Quelques années plus tard, le champion du monde signe à Flamengo. Les dirigeants voient en ce dribbleur invétéré une garantie de succès. Mais alcoolique et dépressif, Garrincha ne marquera que 4 buts en 15 matchs. Il aura fallu attendre les années 1970 pour que le club se trouve une icône digne de ce nom, en la personne de Zico.
Zico, l’âge d’or
Bien plus que Ronaldinho, Romario, Bebeto ou Vinicius Jr, au cours de ces quatre années passés sous les couleurs Rouge et Noir, Zico a marqué l’histoire de Flamengo. En inscrivant en moyenne 44 buts par an, le meilleur buteur de l’histoire du club a été essentiel dans la qualification des Brésiliens pour la Coupe intercontinentale.
A Tokyo, Flamengo l’emporte sur le score de trois buts à zéro grâce à Nunes et Adílio. L’institution devient la seconde au Brésil, à remporter la compétition, après le Santos FC de Pelé, dans les années 1960. Une victoire offrant ainsi au club une notoriété qui traverse les océans.
Après une deuxième pige dans son club de cœur, Zico part pour de bon. Son départ coïncide avec le retour des années de vaches maigres du côté de Flamengo. Pour dépoussiérer l’armoire à trophées, l’entreprise suisse de marketing ISL en prend le contrôle en 1999.

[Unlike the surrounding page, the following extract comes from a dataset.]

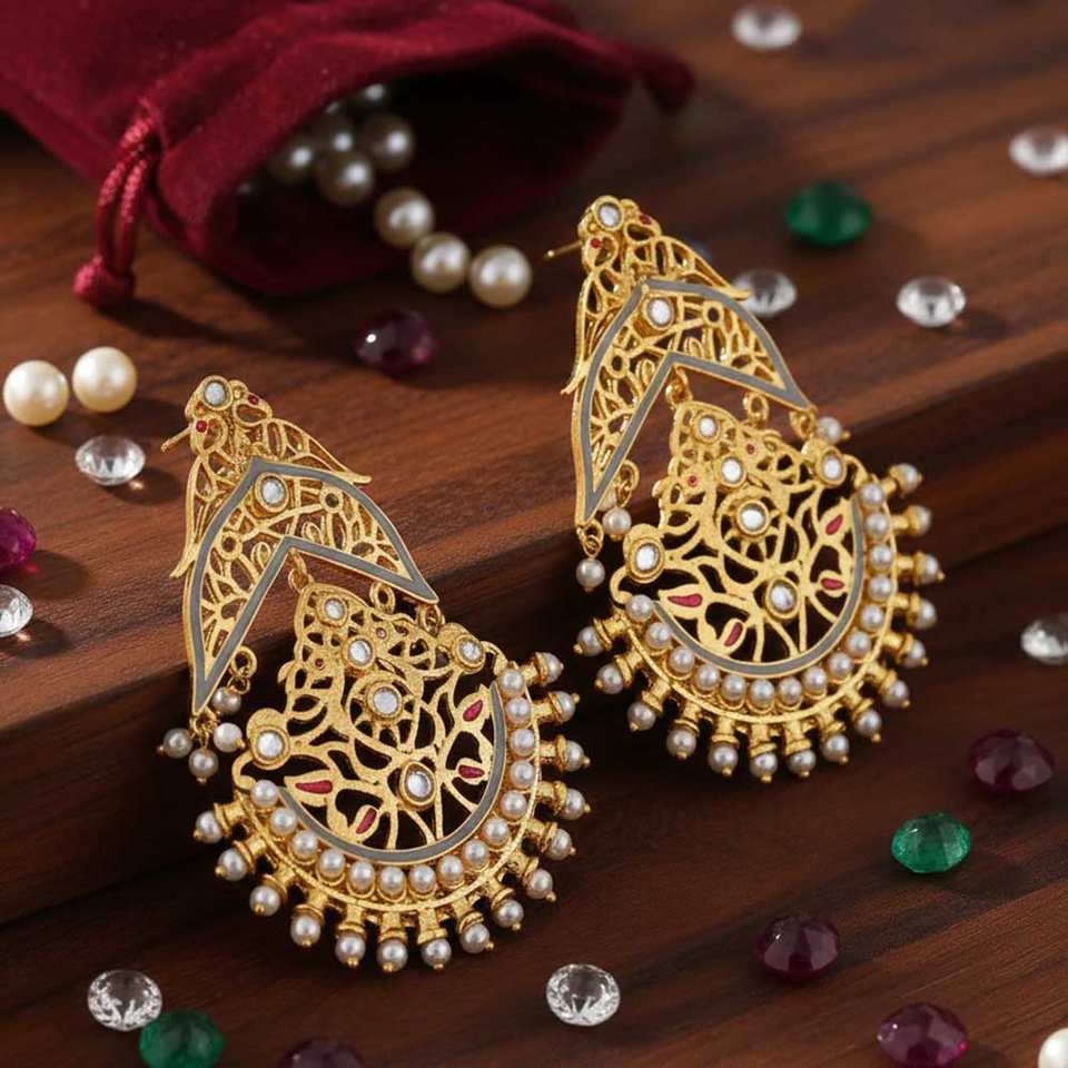 High Quality Gold Plated Filigree Chaandbali Earrings for Women Handcrafted Indian Jewelry for Wedding and Festive Wear

La mise en faillite d’ISL en 2002 plonge le club dans une crise financière et sportive sans précédent. Un mal pour un bien, puisqu'il a été décidé de miser principalement sur les joueurs issus de son centre de formation. Une politique sportive qui a quelque peu pris du plomb dans l’aile ces dernières années, au regard des joueurs de renom qui ont posé leur valise à Rio.

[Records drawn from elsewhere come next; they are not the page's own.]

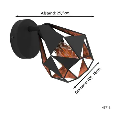Beschreibung Eglo Wandleuchte Carlton 7 Stahl Schwarz Bernstein | IP20 - Geeignet für 1x E27
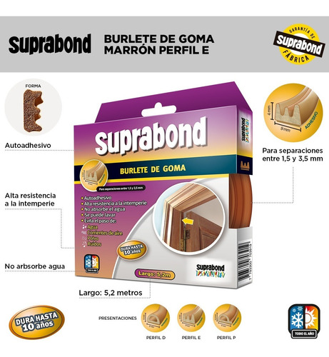 Nuevo material EPDM. Los burletes de goma Suprabond están fabricados con caucho EPDM, lo que les otorga un gran poder de absorción de golpes, máxima resistencia a la intemperie y gran durabilidad.
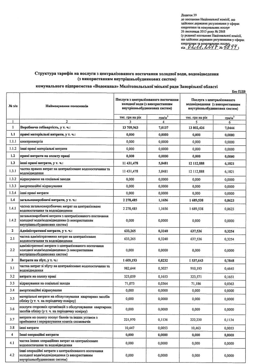 29 ноября в силу вступило одно из постановлений НКРЭКУ от 2 ноября, касающееся изменений тарифов на водоснабжение и водоотведение. Постановление касается тарифов на услуги в многоквартирном секторе Мелитополя. Тарифы введены в действие с сегодняшнего дня.
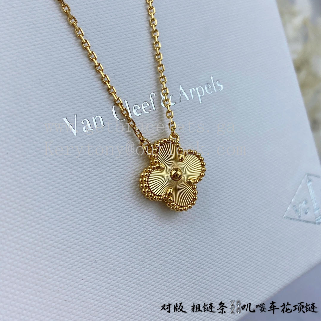 La Réplique du pendentif Van Cleef Alhambra est un chef-d’œuvre artisanal, mettant en valeur le motif emblématique de l’Alhambra dans un superbe motif guilloché. Fabriqué à partir d’une combinaison d’or jaune, d’or rose et d’or blanc, ce pendentif respire l’élégance et la sophistication. Le design complexe présente une série de feuilles de trèfle interconnectées, symbolisant la bonne fortune et la prospérité. Le pendentif est suspendu à une chaîne délicate, lui permettant de pendre élégamment autour du cou.

Un effectif évalué à 160 millions d’euros
Evaluées à près de 160 millions d’euros par TransfertMarkt, les ressources humaines à disposition de Vitor Pereira, l’entraîneur de Flamengo, sont d’une incroyable densité qualitative. Certes, il s’agit de joueurs en fin de carrière (David Luiz, Arthuro Vidal, Filipe Luís), ou dont l’aventure européenne s’est soldée par un échec (Everton, Gabriel Barbosa, Thiago Maia, Gerson), mais le technicien portugais a réussi à en tirer le meilleur.
Evoluant le plus souvent avec un milieu de terrain renforcé (4-4-2 ou 4-3-1-2), Flamengo est une équipe joueuse et intense dans son animation offensive, au service d'avants-centres efficaces, à l’image de Pedro. Le style de jeu déployé a pour principaux atouts la maîtrise technique dans l’entrejeu et la virtuosité des ailiers. En revanche, la lenteur de la charnière défensive reste handicapante.